Paul Flora wurde am 29. Juni 1922 als Sohn eines Arztes in der kleinen Alpenstadt Glurns im Vinschgau/Südtirol geboren. Seine Familie zog 1927 nach Nordtirol, nach Innsbruck, wo Paul Flora inmitten seiner sechs Geschwister aufwuchs und zur Schule ging. Ein Zeichenlehrer entdeckte sein Talent und brachte ihn mit dem Maler und Porträtisten Max von Esterle zusammen, der ihn in Malerei unterrichtete und ihn die Radiertechnik lehrte.

Um dem Kriegsdienst in der Wehrmacht zu entgehen, schrieb er sich in der Münchener Akademie der Bildenden Künste ein.
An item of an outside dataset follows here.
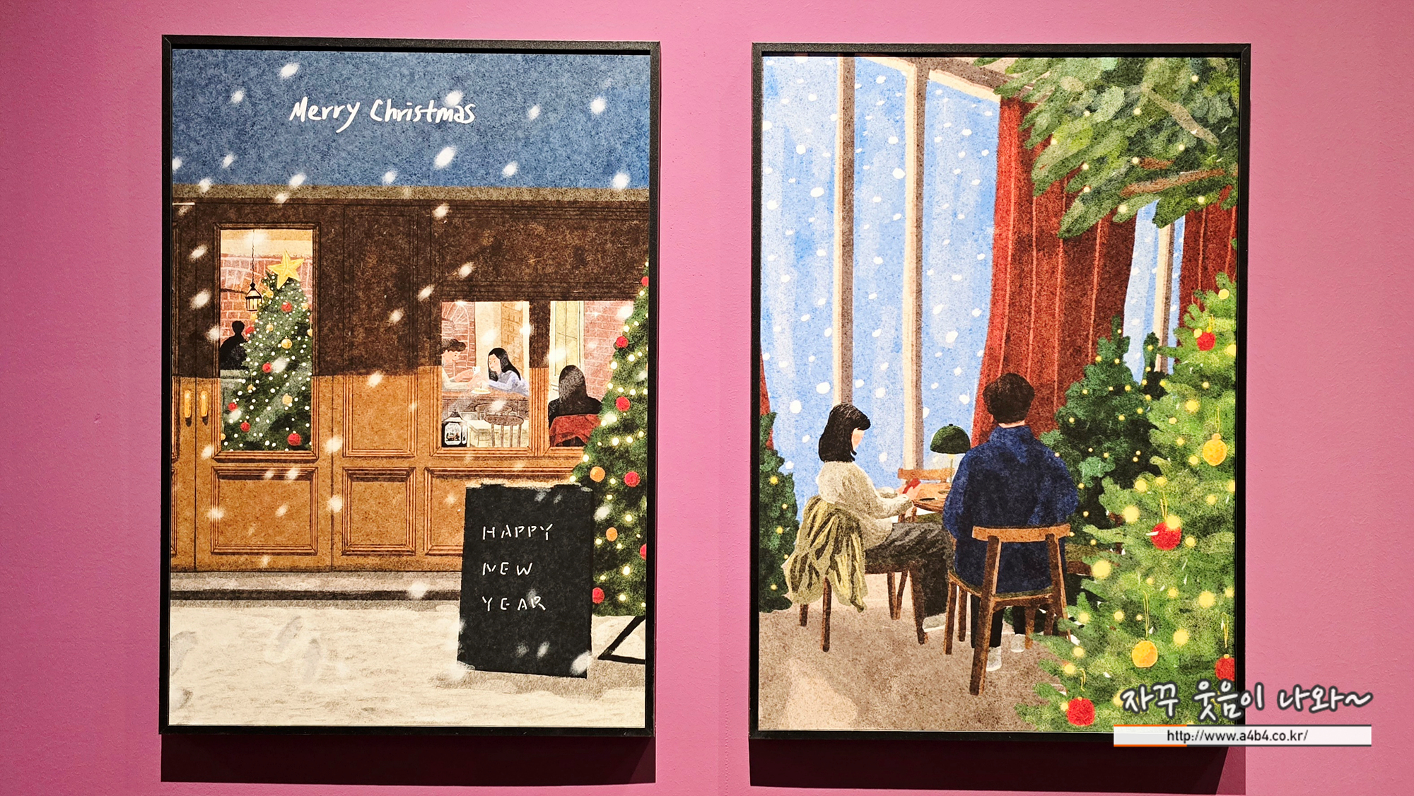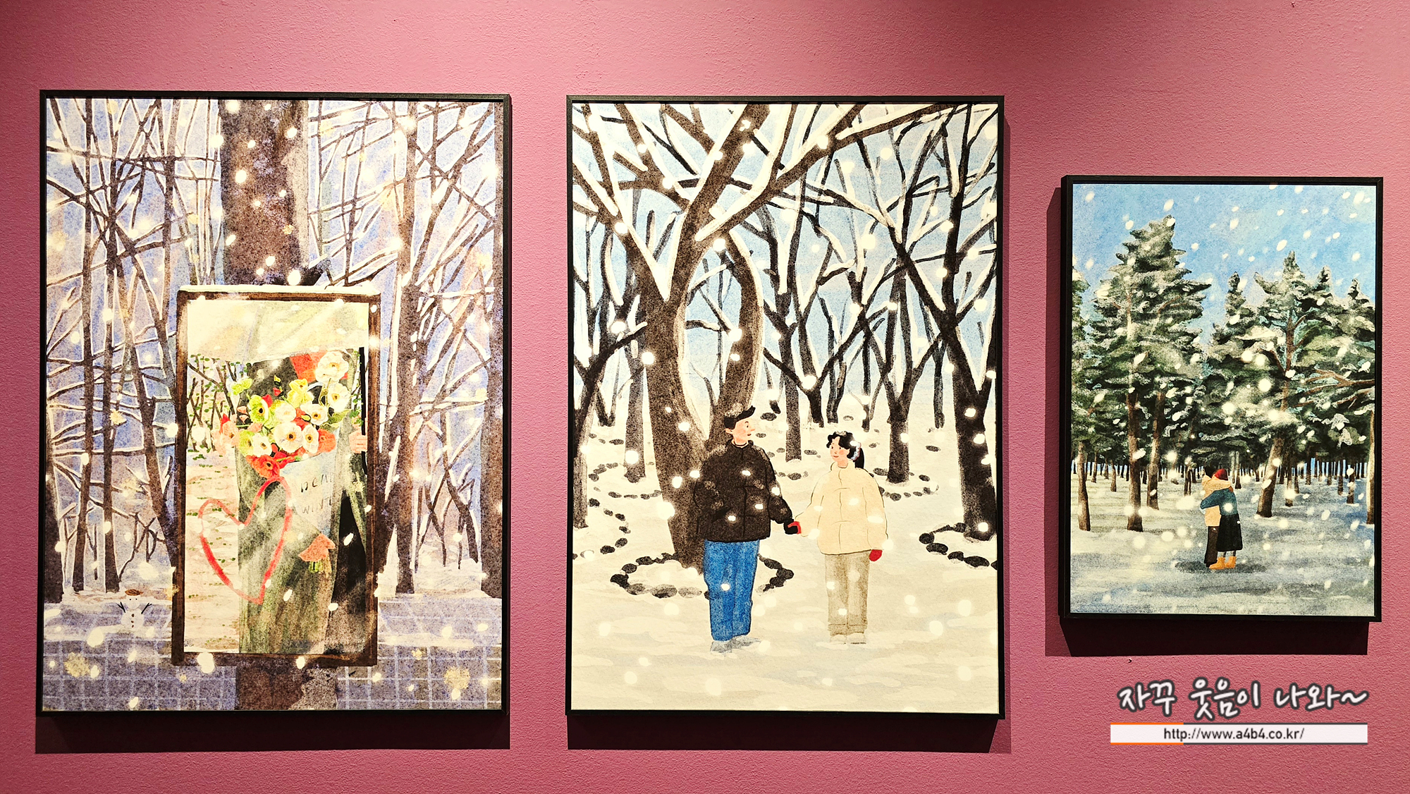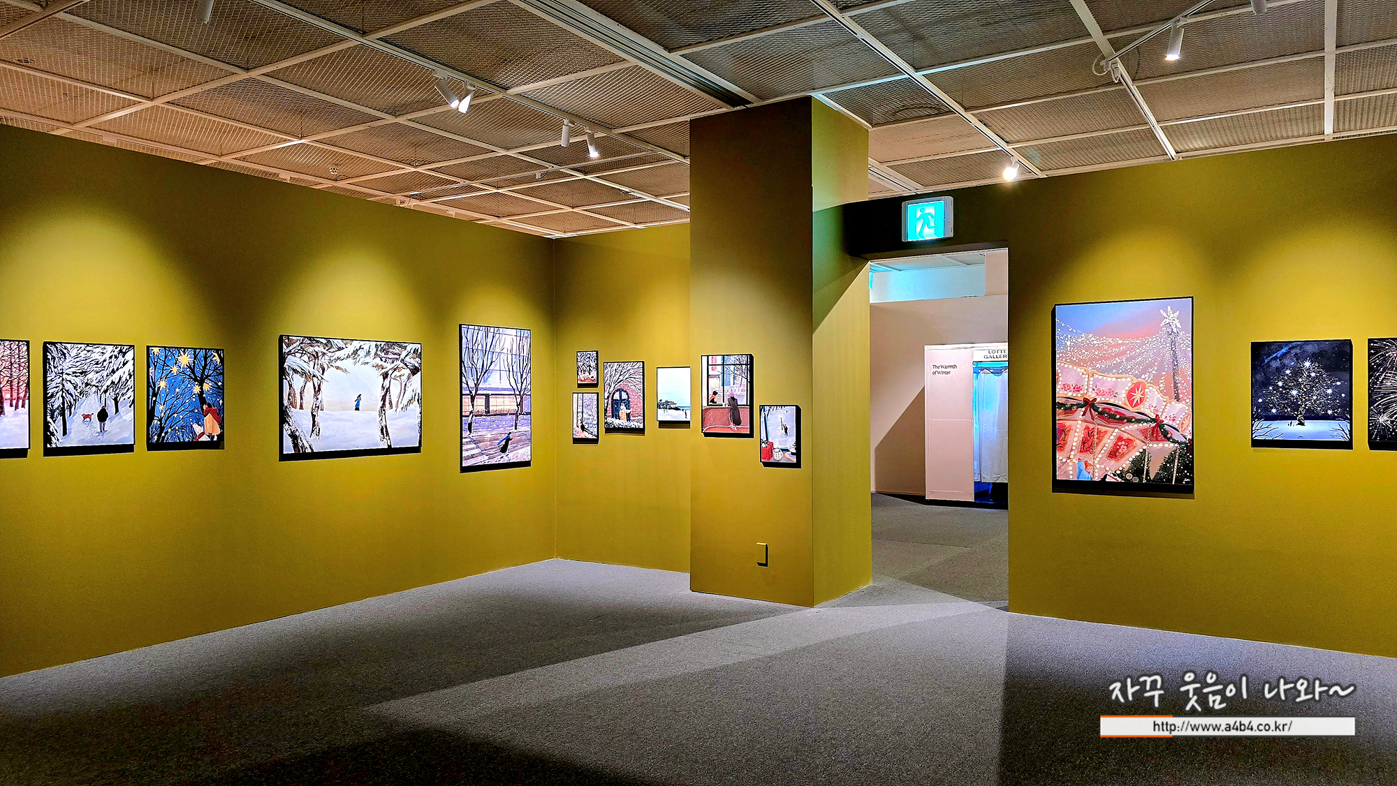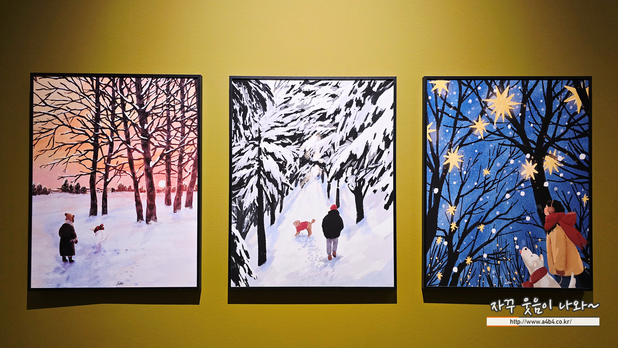 지난주 금요일부터 잠실 롯데월드몰 6층에 위치한 에비뉴엘아트홀 전시회 '겨울,그 따뜻한 순간들' 관람후기 입니다. 이번 전시회는 겨울을 주제로 국내에서 활발하게 활동하고 있는 일러스트레이터 3인의 작품을 만나볼 수 있습니다.

Dort war Flora offiziell auch Student bei Olaf Gulbransson, dennoch haben sich die beiden in München nicht kennengelernt. „Weil weder Schüler noch Lehrer in der Institution anwesend waren“, erzählte Flora gern. Denn die beiden späteren Freunde waren den akademischen Strukturen nicht sonderlich zugeneigt. 1944 wurde Flora doch noch eingezogen und leistete Kriegsdienst in Italien, Ungarn und in der Slowakei.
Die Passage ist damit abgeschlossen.